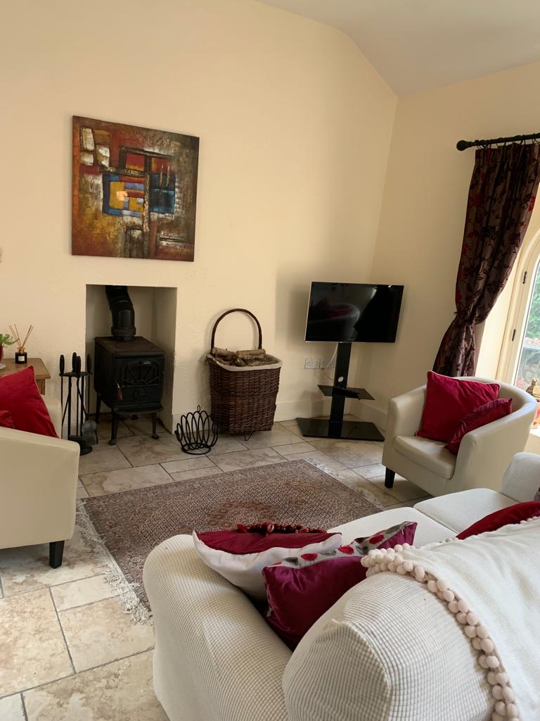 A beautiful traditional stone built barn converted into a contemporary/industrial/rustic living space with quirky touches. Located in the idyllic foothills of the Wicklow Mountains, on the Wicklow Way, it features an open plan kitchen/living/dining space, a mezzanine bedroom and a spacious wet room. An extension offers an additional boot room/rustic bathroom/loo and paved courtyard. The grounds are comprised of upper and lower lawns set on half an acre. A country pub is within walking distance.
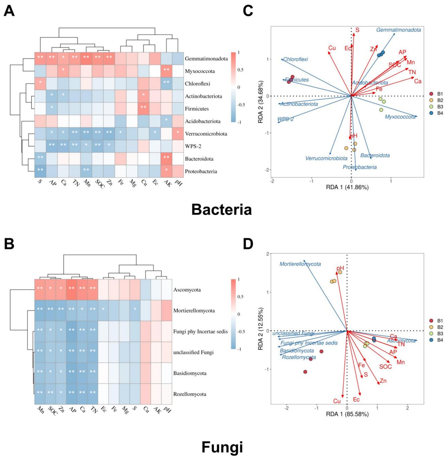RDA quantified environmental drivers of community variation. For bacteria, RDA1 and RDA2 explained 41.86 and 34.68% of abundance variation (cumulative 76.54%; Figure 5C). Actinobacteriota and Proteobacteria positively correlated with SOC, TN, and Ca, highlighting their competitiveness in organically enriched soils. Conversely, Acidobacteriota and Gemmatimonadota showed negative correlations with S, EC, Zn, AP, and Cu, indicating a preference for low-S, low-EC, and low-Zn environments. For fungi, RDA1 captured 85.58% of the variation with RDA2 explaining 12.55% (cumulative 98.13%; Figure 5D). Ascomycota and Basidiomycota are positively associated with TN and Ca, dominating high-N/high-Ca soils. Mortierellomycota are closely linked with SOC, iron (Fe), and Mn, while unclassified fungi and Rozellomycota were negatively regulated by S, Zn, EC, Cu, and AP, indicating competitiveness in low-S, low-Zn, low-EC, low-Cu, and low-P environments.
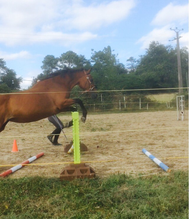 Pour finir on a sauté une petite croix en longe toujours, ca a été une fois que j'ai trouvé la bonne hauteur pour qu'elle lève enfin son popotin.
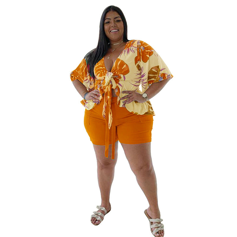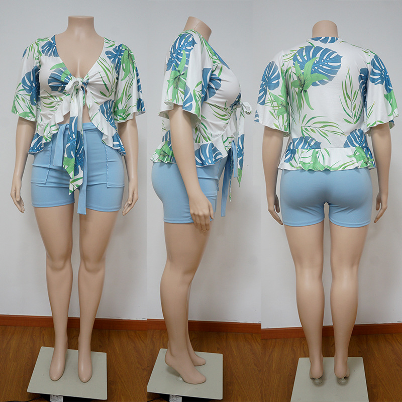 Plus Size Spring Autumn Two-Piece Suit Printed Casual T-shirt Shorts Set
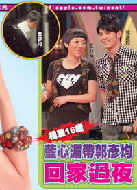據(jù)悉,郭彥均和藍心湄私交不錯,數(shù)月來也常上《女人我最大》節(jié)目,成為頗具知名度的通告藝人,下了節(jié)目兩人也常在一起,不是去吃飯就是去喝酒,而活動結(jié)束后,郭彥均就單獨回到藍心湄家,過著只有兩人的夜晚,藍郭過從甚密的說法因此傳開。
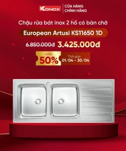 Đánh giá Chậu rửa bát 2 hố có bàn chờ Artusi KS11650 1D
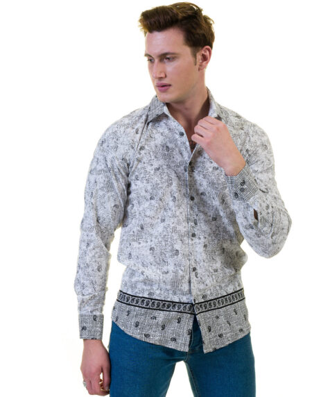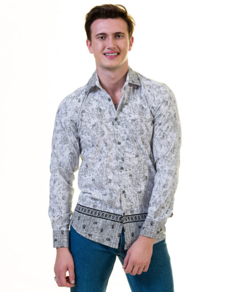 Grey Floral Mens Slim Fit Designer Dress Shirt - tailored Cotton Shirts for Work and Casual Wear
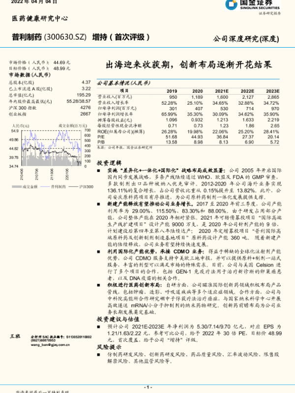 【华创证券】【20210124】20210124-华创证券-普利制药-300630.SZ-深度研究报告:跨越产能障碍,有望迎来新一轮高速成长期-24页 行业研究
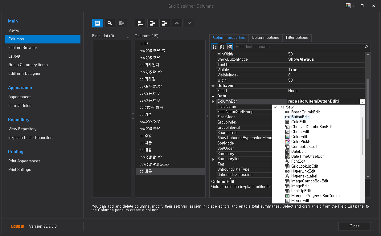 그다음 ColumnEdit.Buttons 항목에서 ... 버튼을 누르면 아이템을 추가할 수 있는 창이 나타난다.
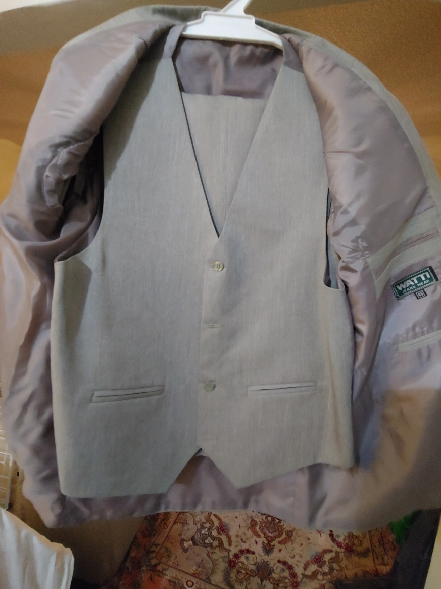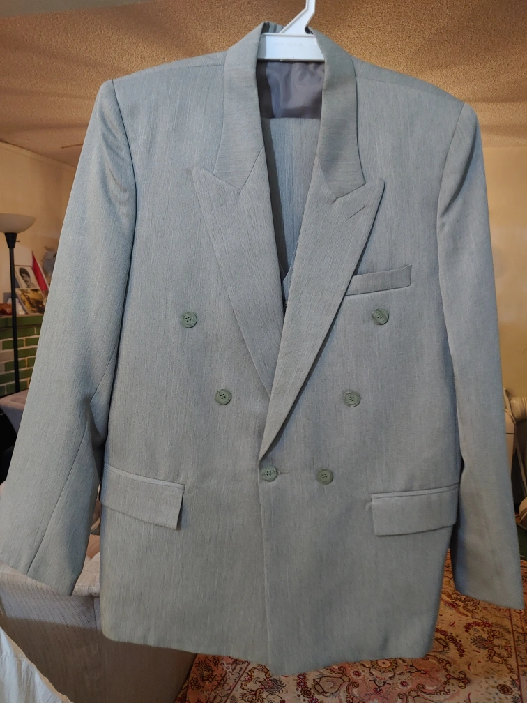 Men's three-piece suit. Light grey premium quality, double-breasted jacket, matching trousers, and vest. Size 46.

··········

_Exercise prompt_
Every line above is to be returned exactly, with its pictures removed.

_Written answer_
 A beautiful traditional stone built barn converted into a contemporary/industrial/rustic living space with quirky touches. Located in the idyllic foothills of the Wicklow Mountains, on the Wicklow Way, it features an open plan kitchen/living/dining space, a mezzanine bedroom and a spacious wet room. An extension offers an additional boot room/rustic bathroom/loo and paved courtyard. The grounds are comprised of upper and lower lawns set on half an acre. A country pub is within walking distance.
RDA quantified environmental drivers of community variation. For bacteria, RDA1 and RDA2 explained 41.86 and 34.68% of abundance variation (cumulative 76.54%; Figure 5C). Actinobacteriota and Proteobacteria positively correlated with SOC, TN, and Ca, highlighting their competitiveness in organically enriched soils. Conversely, Acidobacteriota and Gemmatimonadota showed negative correlations with S, EC, Zn, AP, and Cu, indicating a preference for low-S, low-EC, and low-Zn environments. For fungi, RDA1 captured 85.58% of the variation with RDA2 explaining 12.55% (cumulative 98.13%; Figure 5D). Ascomycota and Basidiomycota are positively associated with TN and Ca, dominating high-N/high-Ca soils. Mortierellomycota are closely linked with SOC, iron (Fe), and Mn, while unclassified fungi and Rozellomycota were negatively regulated by S, Zn, EC, Cu, and AP, indicating competitiveness in low-S, low-Zn, low-EC, low-Cu, and low-P environments.
 Pour finir on a sauté une petite croix en longe toujours, ca a été une fois que j'ai trouvé la bonne hauteur pour qu'elle lève enfin son popotin.
 Plus Size Spring Autumn Two-Piece Suit Printed Casual T-shirt Shorts Set
據(jù)悉,郭彥均和藍心湄私交不錯,數(shù)月來也常上《女人我最大》節(jié)目,成為頗具知名度的通告藝人,下了節(jié)目兩人也常在一起,不是去吃飯就是去喝酒,而活動結(jié)束后,郭彥均就單獨回到藍心湄家,過著只有兩人的夜晚,藍郭過從甚密的說法因此傳開。
 Đánh giá Chậu rửa bát 2 hố có bàn chờ Artusi KS11650 1D
 Grey Floral Mens Slim Fit Designer Dress Shirt - tailored Cotton Shirts for Work and Casual Wear
 【华创证券】【20210124】20210124-华创证券-普利制药-300630.SZ-深度研究报告:跨越产能障碍,有望迎来新一轮高速成长期-24页 行业研究
 그다음 ColumnEdit.Buttons 항목에서 ... 버튼을 누르면 아이템을 추가할 수 있는 창이 나타난다.
 Men's three-piece suit. Light grey premium quality, double-breasted jacket, matching trousers, and vest. Size 46.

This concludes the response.